Records from a dataset
○ ○ ○ ○
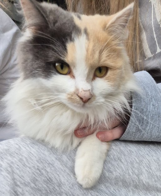 Jeg kom hjem fra handletur rundt 20.00 fredag (25/7) da denne lille pusejenta var i hagen min. Da jeg gikk fra bilen og mot inngangsdøren kom hun mjauende etter. Hun var veldig tørst, sulten og virker veldig, veldig sliten. Hun har stort sett spist og sovet siden jeg fant henne (eller hun fant meg). Det er en veldig liten og tynn katt, kanskje hun er 6-7 måneder, men jeg kan ta feil. Det må jo være noen som savner en så vakker og skjønn pus?
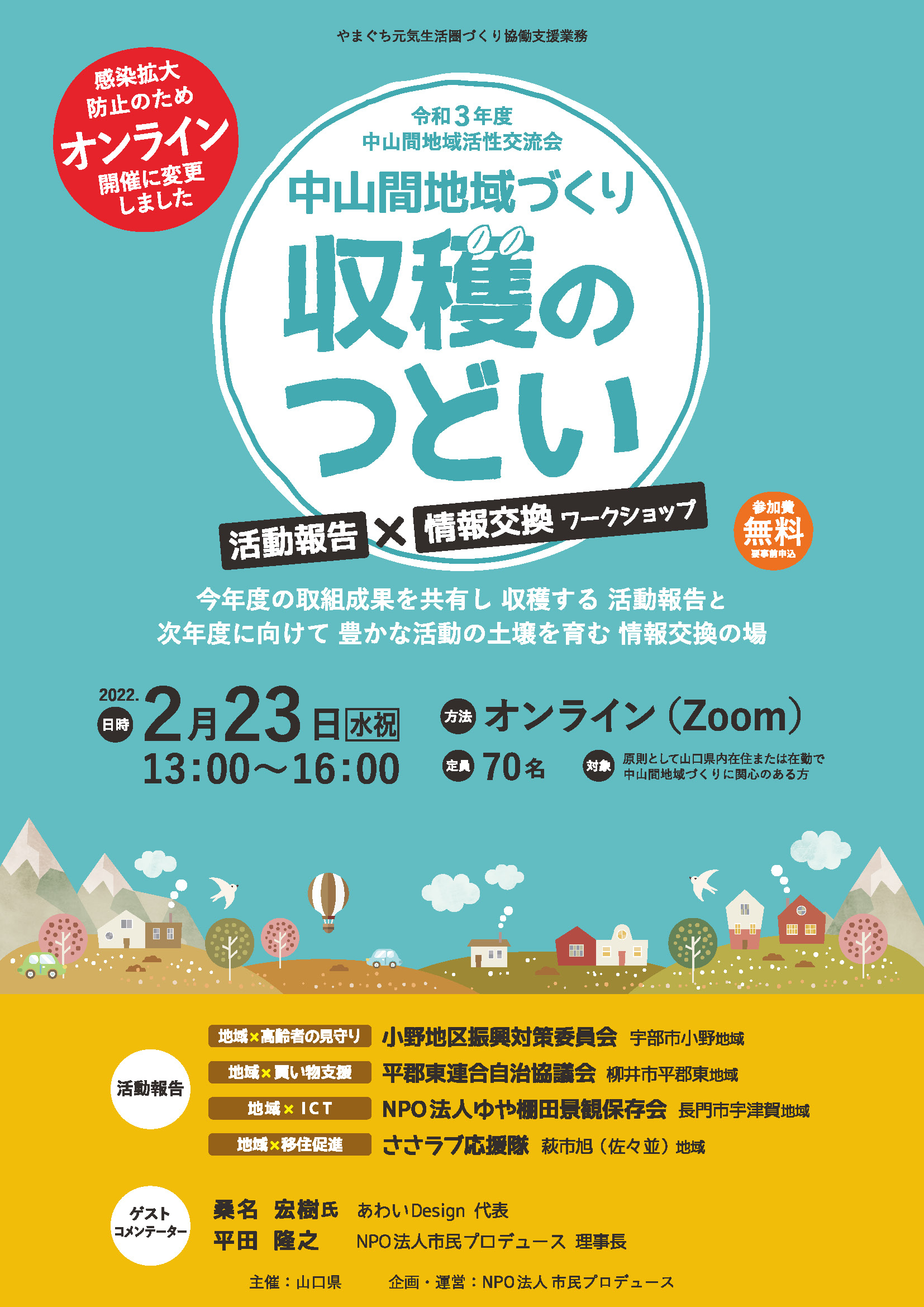 山口県では、中山間地域の人々が住み慣れた地域で安心して暮らし続けられるよう、「やまぐち元気生活圏」づくりに取り組んでいます。
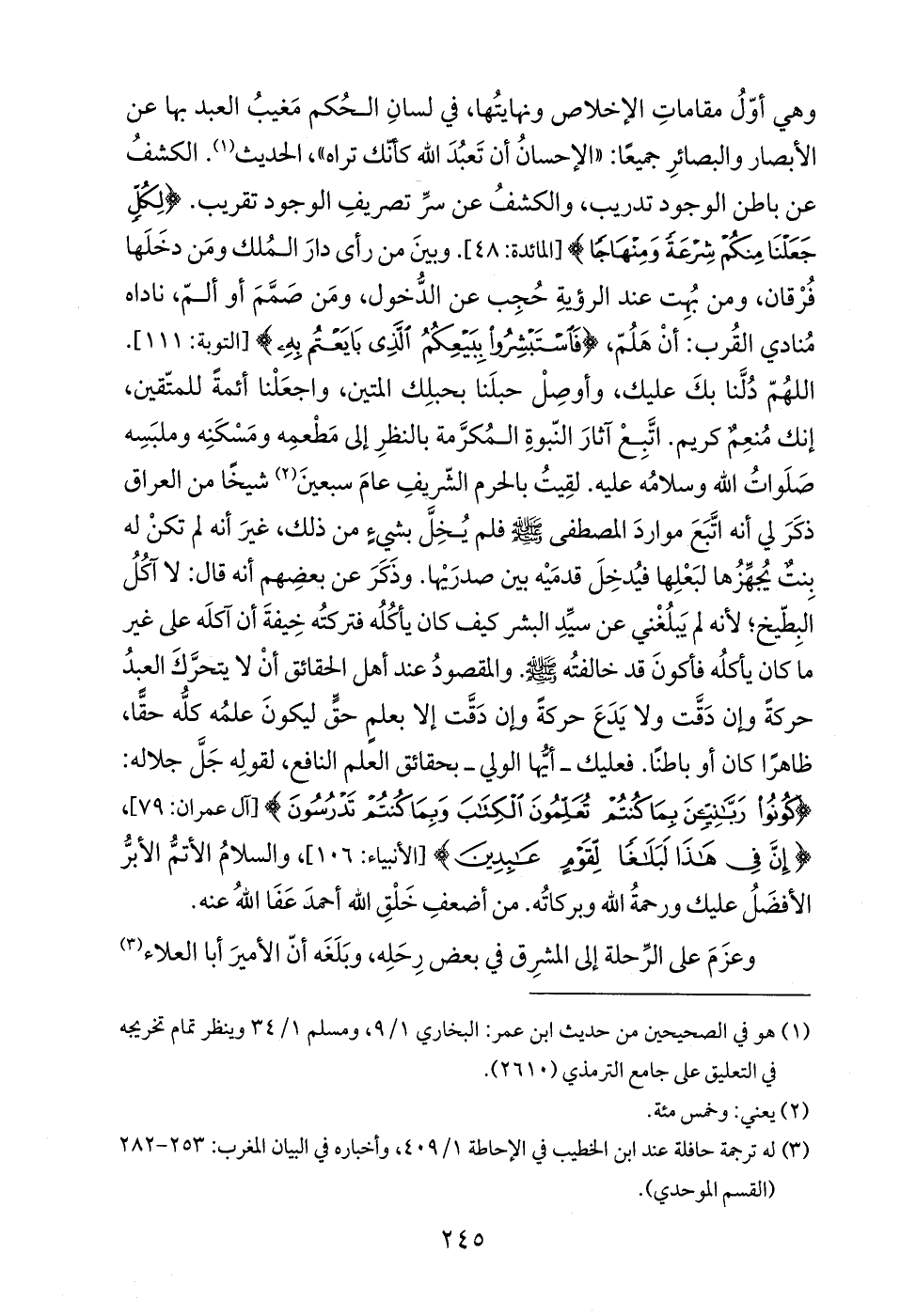 وهي أوّلُ مقاماتِ الإخلاص ونهايتُها، في لسانِ الحُكم مَغيبُ العبد بها عن الأبصار والبصائرِ جميعًا: "الإحسانُ أن تَعبُدَ الله كأنّك تراه"، الحديث (¬1). الكشفُ عن باطن الوجود تدريب، والكشفُ عن سرِّ تصريفِ الوجود تقريب. {لِكُلٍّ جَعَلْنَا مِنْكُمْ شِرْعَةً وَمِنْهَاجًا} [المائدة: 48]. وبينَ من رأى دارَ المُلك ومَن دخَلَها فُزقان، ومن بُهِت عند الرؤيةِ حُجِب عن الدُّخول، ومَن صَمَّمَ أو ألمّ، ناداه مُنادي القُرب: أنْ هلُمّ، {فَاسْتَبْشِرُوا بِبَيْعِكُمُ الَّذِي بَايَعْتُمْ بِهِ} [التوبة: 111]. اللهُمّ دُلَّنا بكَ عليك، وأوصِلْ حبلَنا بحبلِك المتين، واجعَلْنا أئمةً للمتّقين، إنك مُنعِمٌ كريم. اتَّبِع آثارَ النّبوةِ المُكرَّمة بالنظرِ إلى مَطْعمِه ومَسْكَنِه وملبَسِه صَلَواتُ الله وسلامُه عليه. لقِيتُ بالحرم الشّريف عامَ سبعينَ (¬2) شيخًا من العراق ذكَرَ في أنه اتَّبَعَ مواردَ المصطفى - صلى الله عليه وسلم - فلم يُخِلَّ بشيءٍ من ذلك، غيرَ أنه لم تكنْ له بِنتٌ يُجهِّزُها لبَعْلِها فيُدخِلَ قدمَيْه بين صدرَيْها. وذَكَرَ عن بعضِهم أنه قال: لا آكُلُ البِطّيخ؛ لأنه لم يَبلُغْني عن سيِّدِ البشر كيف كان يأكُلُه فتركتُه خِيفةَ أن آكلَه على غير ما كان يأكلُه فاكونَ قد خالفتُه - صلى الله عليه وسلم -. والمقصودُ عند أهل الحقائق أنْ لا يتحرَّكَ العبدُ حركةً وإن دَقَّت ولا يَدَعَ حركةً وإن دَقَّت إلا بعلمٍ حقٍّ ليكونَ علمُه كلُّه حقًّا، ظاهرًا كان أو باطنًا. فعليك -أيُّها الولي- بحقائق العلم النافع، لقولِه جَلَّ جلاله: {كُونُوا رَبَّانِيِّينَ بِمَا كُنْتُمْ تُعَلِّمُونَ الْكِتَابَ وَبِمَا كُنْتُمْ تَدْرُسُونَ} [آل عمران: 79]، {إِنَّ فِي هَذَا لَبَلَاغًا لِقَوْمٍ عَابِدِينَ} [الأنبياء: 106]، والسلامُ الأتمُّ الأبرُّ الأفضَلُ عليك ورحمةُ الله وبركاتُه. من أضعفِ خَلْقِ الله أحمدَ عَفَا اللهُ عنه.
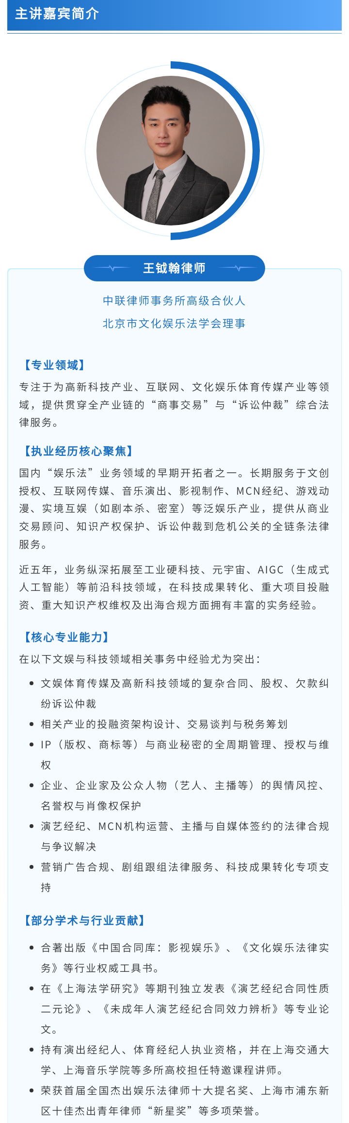 主讲嘉宾:王钺翰律师(中联律师事务所高级合伙人)
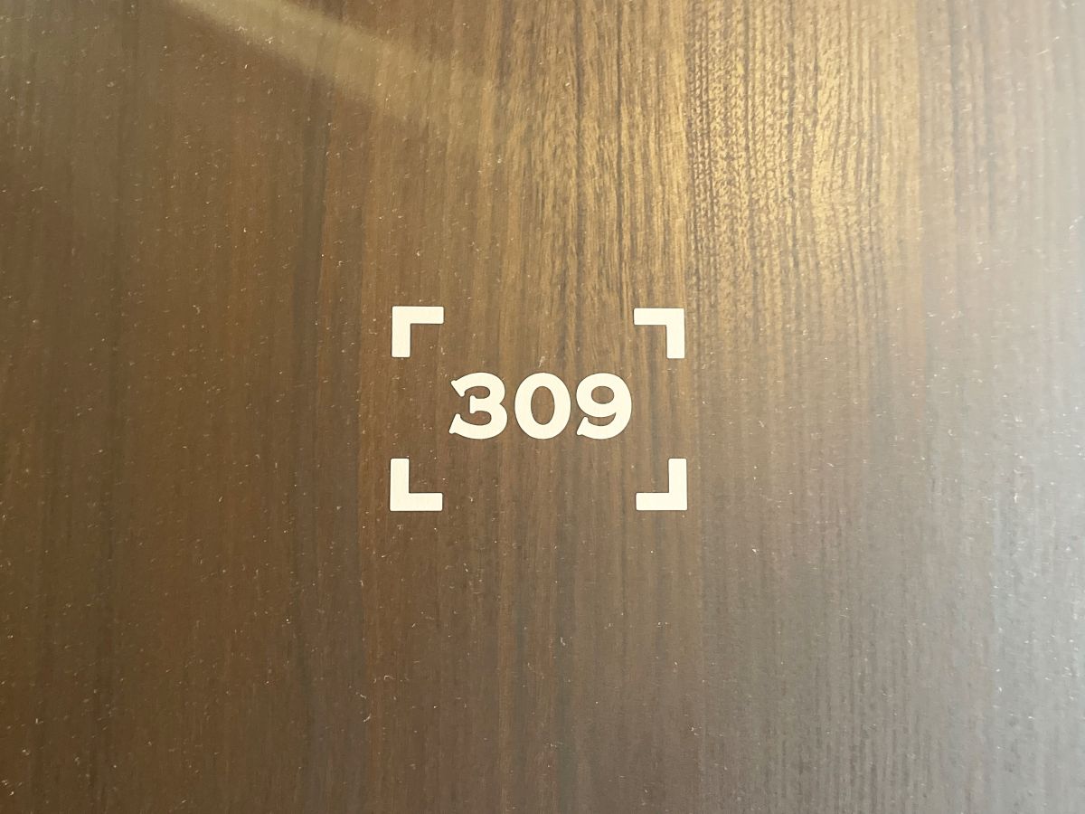 客室のドアには、「FOCUS」というホステルの名前に合わせて、カメラのフレームのようなあしらいが施されています。
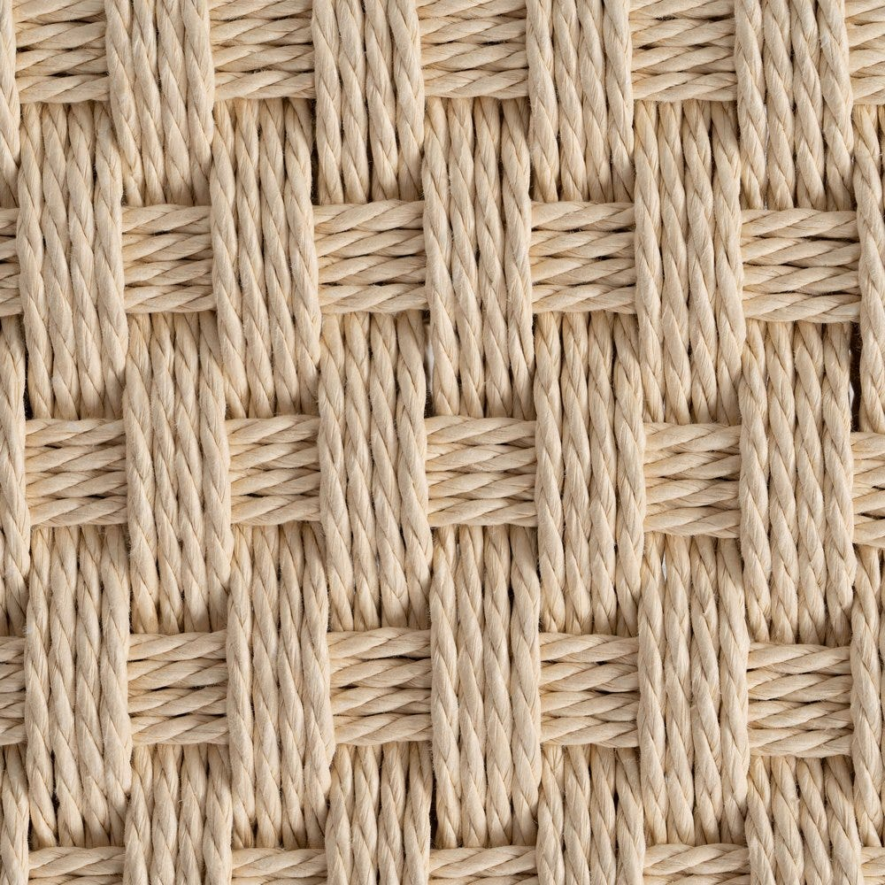 Cadrul metalic oferă stabilitate și finețe, în timp ce nuanța natur a împletiturii aduce căldură și un accent organic. Raftul deschis cu bare paralele te ajută să păstrezi încălțămintea sau cutiile de depozitare perfect ordonate, fără a încărca spațiul.
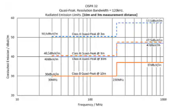 圖 2:這是 CISPR 32/EN 55032 提供的眾多圖表之一,它定義了各類消費(fèi)產(chǎn)品的發(fā)射限制與頻率的關(guān)系。(圖片來源:Academy of EMC,《EMC 標(biāo)準(zhǔn)》)
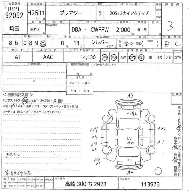 MAZDA PREMACY 20S- SKYACTIVE - лот 92052
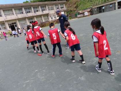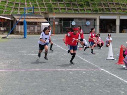 後半は、赤白各チームに分かれ、高学年が中心となってバトンパスの練習をしました。
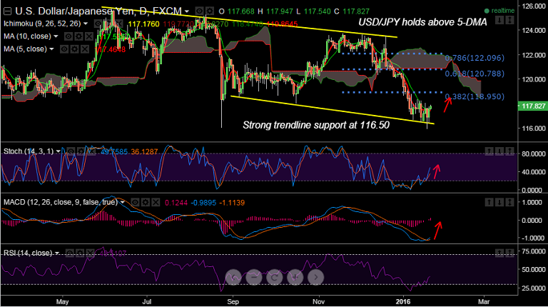 FxWirePro: USD/JPY holds above 5-DMA at 117.45, good to go long on dips
○ ○ ○ ○
**Your instructions:** An acceptable answer consists of the lines above from the one holding "圖 2:這是 CISPR" to the end of the data, repeated exactly and containing no pictures.

**Your solution:**
 圖 2:這是 CISPR 32/EN 55032 提供的眾多圖表之一,它定義了各類消費(fèi)產(chǎn)品的發(fā)射限制與頻率的關(guān)系。(圖片來源:Academy of EMC,《EMC 標(biāo)準(zhǔn)》)
 MAZDA PREMACY 20S- SKYACTIVE - лот 92052
 後半は、赤白各チームに分かれ、高学年が中心となってバトンパスの練習をしました。
 FxWirePro: USD/JPY holds above 5-DMA at 117.45, good to go long on dips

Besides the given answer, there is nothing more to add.